__Work order__
Output exactly, and only, the lines below from the one with "Tastes just like" down to the one with "El ministro de". Include both end lines and no pictures.

BEGIN Provided records

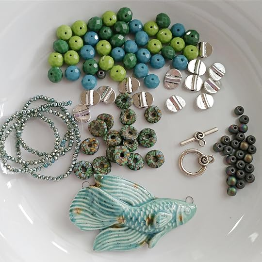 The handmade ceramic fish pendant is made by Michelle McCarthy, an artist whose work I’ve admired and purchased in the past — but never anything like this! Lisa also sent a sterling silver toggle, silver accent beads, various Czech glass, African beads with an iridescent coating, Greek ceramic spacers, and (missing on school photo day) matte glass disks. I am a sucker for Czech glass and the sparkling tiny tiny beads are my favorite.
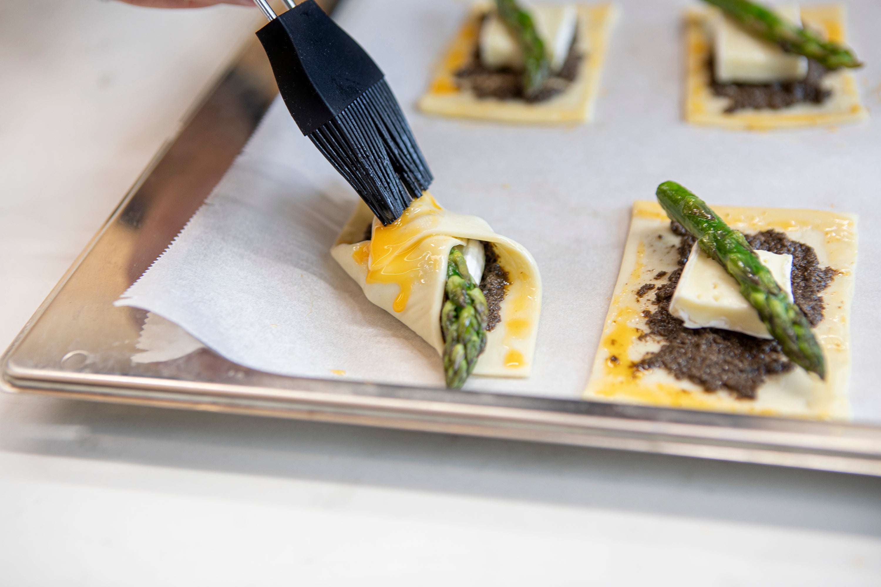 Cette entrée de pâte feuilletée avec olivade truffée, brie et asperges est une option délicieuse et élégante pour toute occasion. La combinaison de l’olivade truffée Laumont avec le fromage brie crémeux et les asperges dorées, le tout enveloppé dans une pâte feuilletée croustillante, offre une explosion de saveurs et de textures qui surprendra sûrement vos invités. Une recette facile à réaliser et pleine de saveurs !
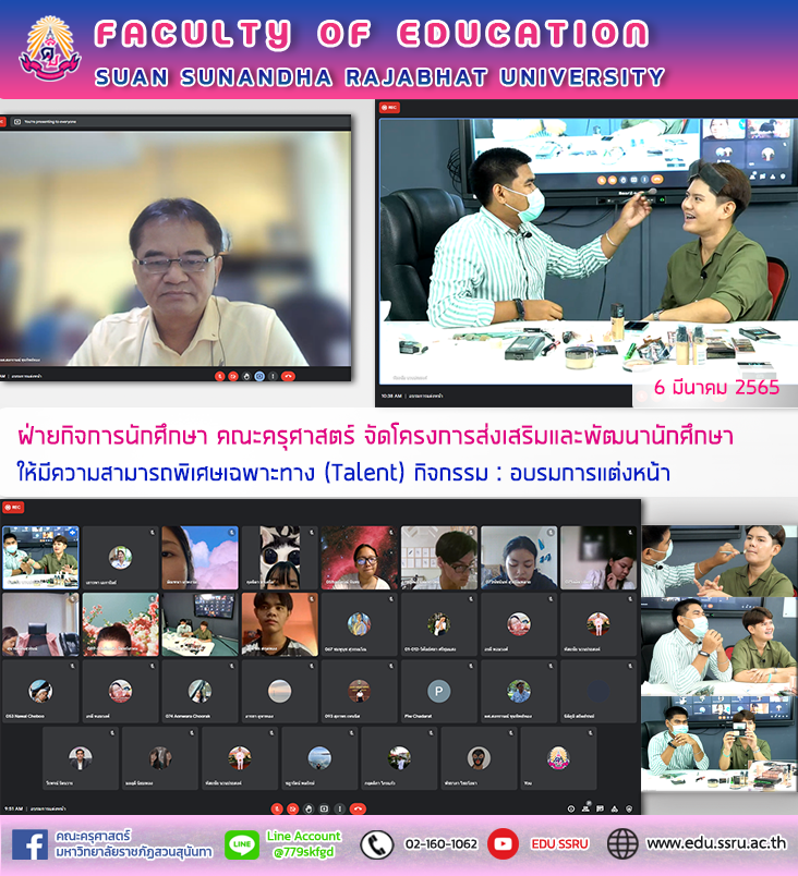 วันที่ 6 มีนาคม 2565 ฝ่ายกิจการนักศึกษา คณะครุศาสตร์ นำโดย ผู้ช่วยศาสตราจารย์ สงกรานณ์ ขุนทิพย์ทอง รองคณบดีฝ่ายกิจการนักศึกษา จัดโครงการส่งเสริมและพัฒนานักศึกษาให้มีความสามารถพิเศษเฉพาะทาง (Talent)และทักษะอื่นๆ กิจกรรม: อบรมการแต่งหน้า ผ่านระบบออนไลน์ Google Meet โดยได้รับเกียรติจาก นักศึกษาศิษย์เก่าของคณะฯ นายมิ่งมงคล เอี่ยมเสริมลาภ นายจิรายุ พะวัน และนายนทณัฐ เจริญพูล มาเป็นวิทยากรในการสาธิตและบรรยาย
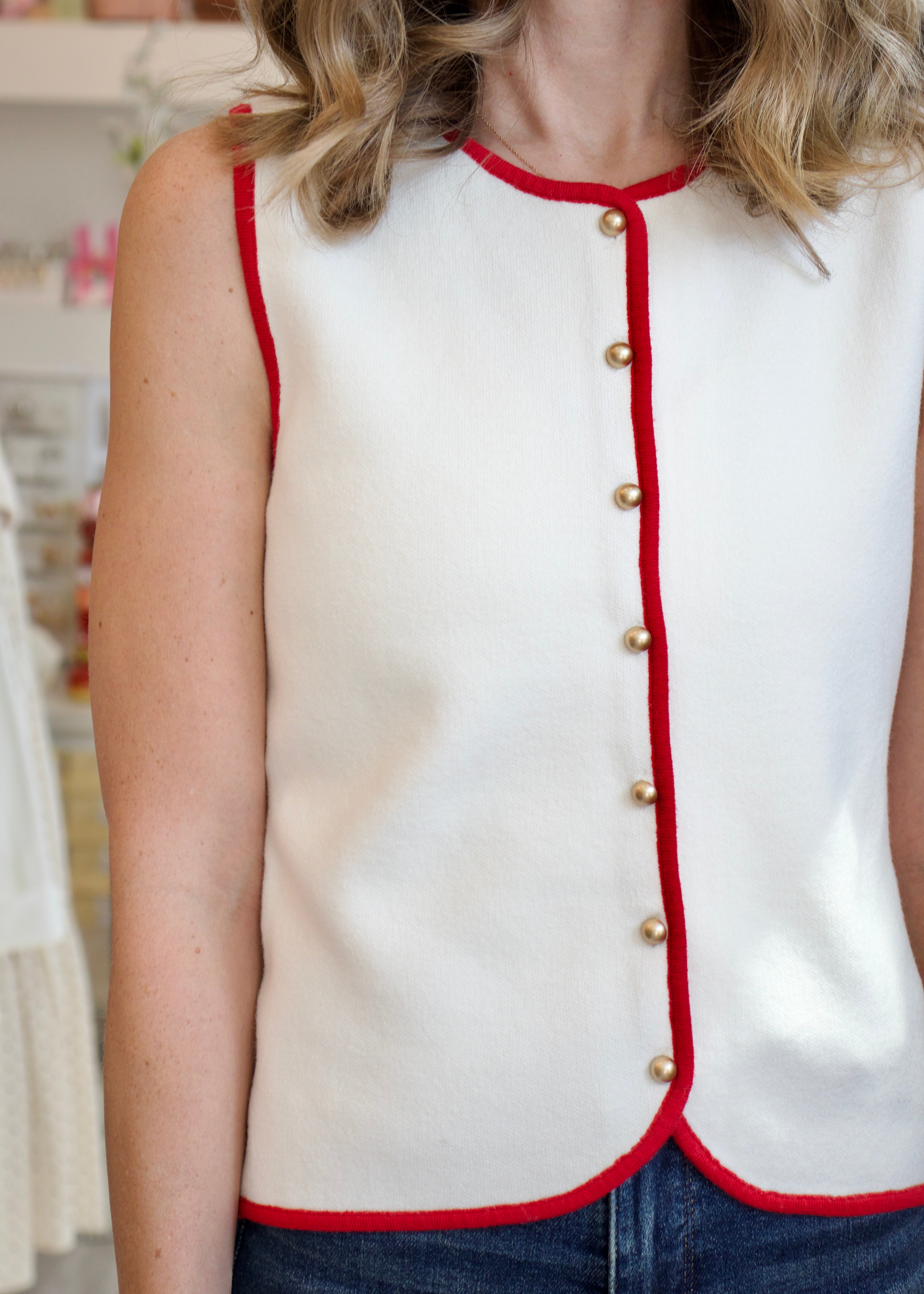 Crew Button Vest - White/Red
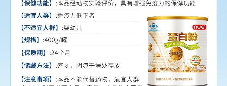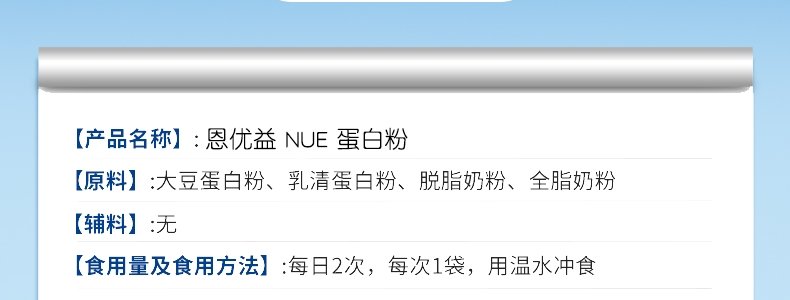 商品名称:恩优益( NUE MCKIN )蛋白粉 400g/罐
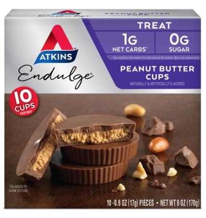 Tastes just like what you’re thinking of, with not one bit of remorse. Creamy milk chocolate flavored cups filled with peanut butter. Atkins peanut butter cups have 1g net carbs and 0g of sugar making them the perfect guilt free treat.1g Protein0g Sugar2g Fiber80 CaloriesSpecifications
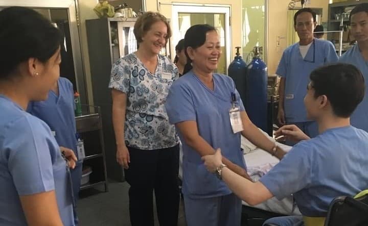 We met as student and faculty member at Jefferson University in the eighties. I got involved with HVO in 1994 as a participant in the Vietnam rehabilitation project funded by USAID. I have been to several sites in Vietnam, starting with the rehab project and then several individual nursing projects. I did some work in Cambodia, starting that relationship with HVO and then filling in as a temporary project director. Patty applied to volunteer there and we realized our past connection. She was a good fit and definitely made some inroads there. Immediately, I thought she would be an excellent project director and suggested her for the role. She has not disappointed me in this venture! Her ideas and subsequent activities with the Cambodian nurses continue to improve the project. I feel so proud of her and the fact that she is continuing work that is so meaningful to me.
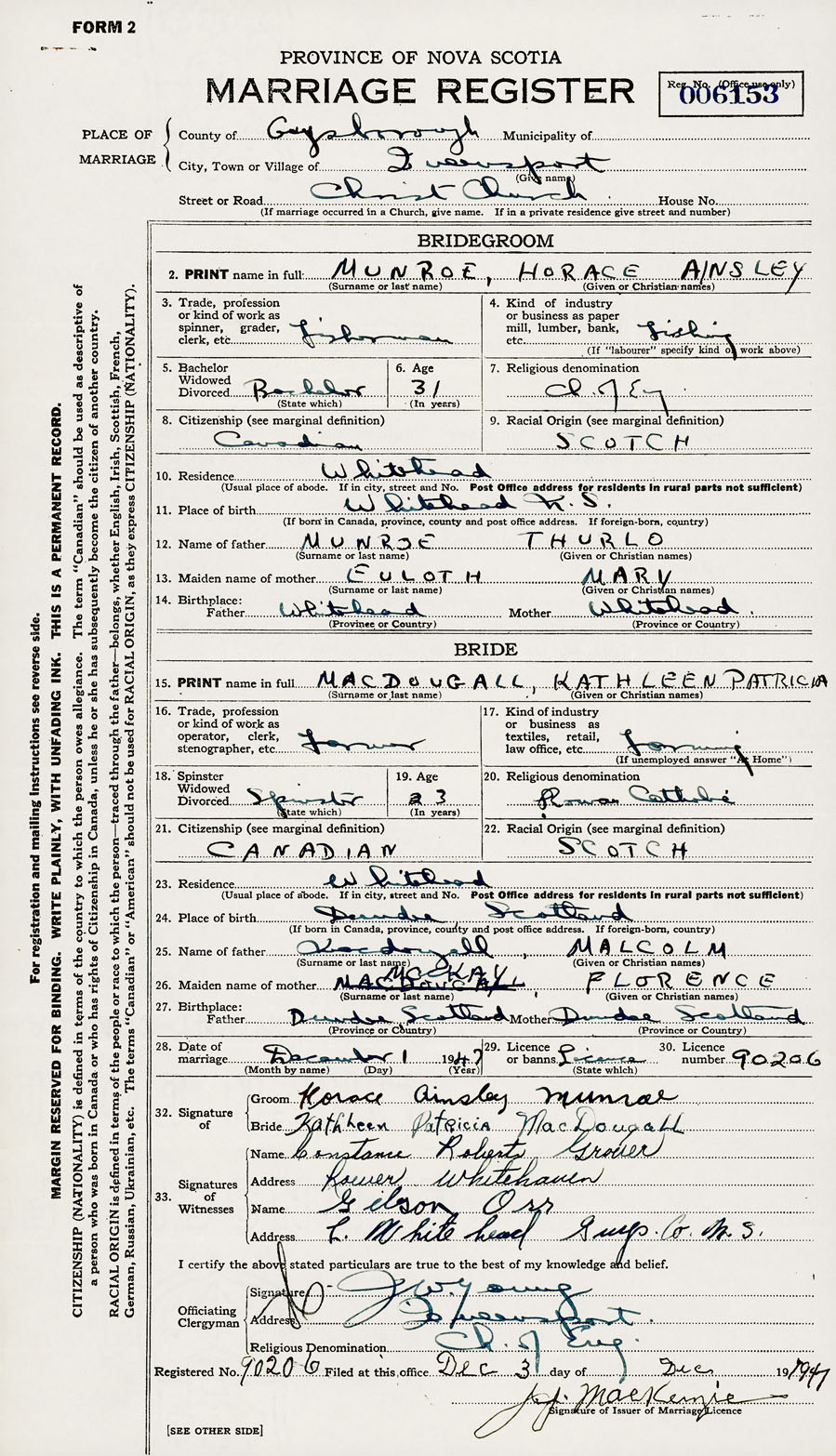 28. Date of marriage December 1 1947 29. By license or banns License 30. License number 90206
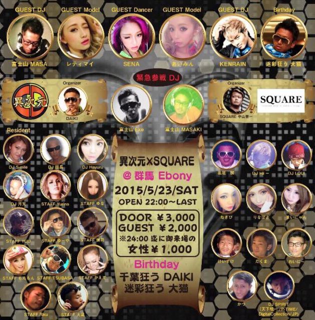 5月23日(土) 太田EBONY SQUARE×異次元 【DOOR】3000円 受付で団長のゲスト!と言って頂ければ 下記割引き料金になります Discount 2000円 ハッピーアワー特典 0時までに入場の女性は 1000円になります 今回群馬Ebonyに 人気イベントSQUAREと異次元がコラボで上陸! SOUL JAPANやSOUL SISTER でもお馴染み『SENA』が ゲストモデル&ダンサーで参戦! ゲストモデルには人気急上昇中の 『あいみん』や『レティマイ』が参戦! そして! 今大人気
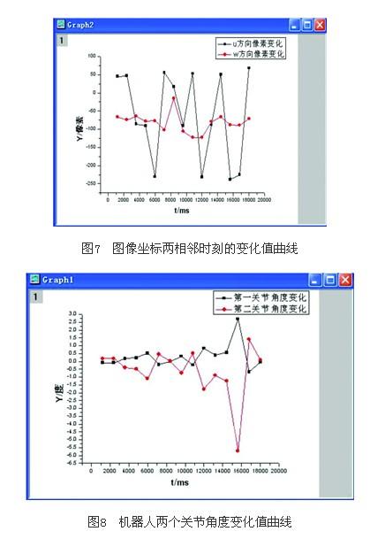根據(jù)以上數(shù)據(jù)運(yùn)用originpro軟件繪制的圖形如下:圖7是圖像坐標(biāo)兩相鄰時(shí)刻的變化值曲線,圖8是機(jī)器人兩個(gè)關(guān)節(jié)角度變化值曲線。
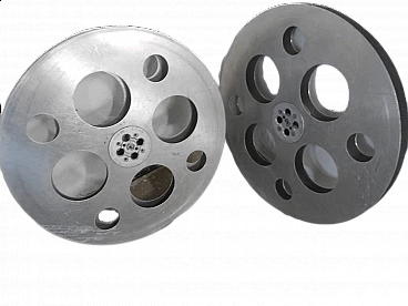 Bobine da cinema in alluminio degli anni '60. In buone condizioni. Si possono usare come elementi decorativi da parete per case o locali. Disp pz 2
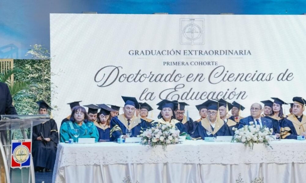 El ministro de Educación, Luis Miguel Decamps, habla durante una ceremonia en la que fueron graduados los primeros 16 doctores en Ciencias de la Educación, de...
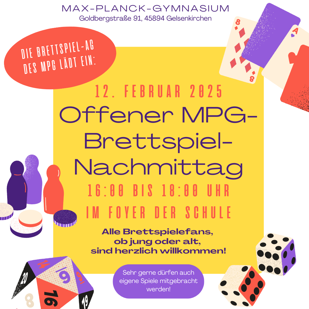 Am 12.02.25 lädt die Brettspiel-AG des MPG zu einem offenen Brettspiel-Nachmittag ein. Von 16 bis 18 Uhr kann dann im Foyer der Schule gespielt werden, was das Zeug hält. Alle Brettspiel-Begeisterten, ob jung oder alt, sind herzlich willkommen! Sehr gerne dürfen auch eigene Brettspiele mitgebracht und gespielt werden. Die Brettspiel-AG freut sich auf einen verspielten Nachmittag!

END Provided records

__Reply__
 Tastes just like what you’re thinking of, with not one bit of remorse. Creamy milk chocolate flavored cups filled with peanut butter. Atkins peanut butter cups have 1g net carbs and 0g of sugar making them the perfect guilt free treat.1g Protein0g Sugar2g Fiber80 CaloriesSpecifications
 We met as student and faculty member at Jefferson University in the eighties. I got involved with HVO in 1994 as a participant in the Vietnam rehabilitation project funded by USAID. I have been to several sites in Vietnam, starting with the rehab project and then several individual nursing projects. I did some work in Cambodia, starting that relationship with HVO and then filling in as a temporary project director. Patty applied to volunteer there and we realized our past connection. She was a good fit and definitely made some inroads there. Immediately, I thought she would be an excellent project director and suggested her for the role. She has not disappointed me in this venture! Her ideas and subsequent activities with the Cambodian nurses continue to improve the project. I feel so proud of her and the fact that she is continuing work that is so meaningful to me.
 28. Date of marriage December 1 1947 29. By license or banns License 30. License number 90206
 5月23日(土) 太田EBONY SQUARE×異次元 【DOOR】3000円 受付で団長のゲスト!と言って頂ければ 下記割引き料金になります Discount 2000円 ハッピーアワー特典 0時までに入場の女性は 1000円になります 今回群馬Ebonyに 人気イベントSQUAREと異次元がコラボで上陸! SOUL JAPANやSOUL SISTER でもお馴染み『SENA』が ゲストモデル&ダンサーで参戦! ゲストモデルには人気急上昇中の 『あいみん』や『レティマイ』が参戦! そして! 今大人気
根據(jù)以上數(shù)據(jù)運(yùn)用originpro軟件繪制的圖形如下:圖7是圖像坐標(biāo)兩相鄰時(shí)刻的變化值曲線,圖8是機(jī)器人兩個(gè)關(guān)節(jié)角度變化值曲線。
 Bobine da cinema in alluminio degli anni '60. In buone condizioni. Si possono usare come elementi decorativi da parete per case o locali. Disp pz 2
 El ministro de Educación, Luis Miguel Decamps, habla durante una ceremonia en la que fueron graduados los primeros 16 doctores en Ciencias de la Educación, de...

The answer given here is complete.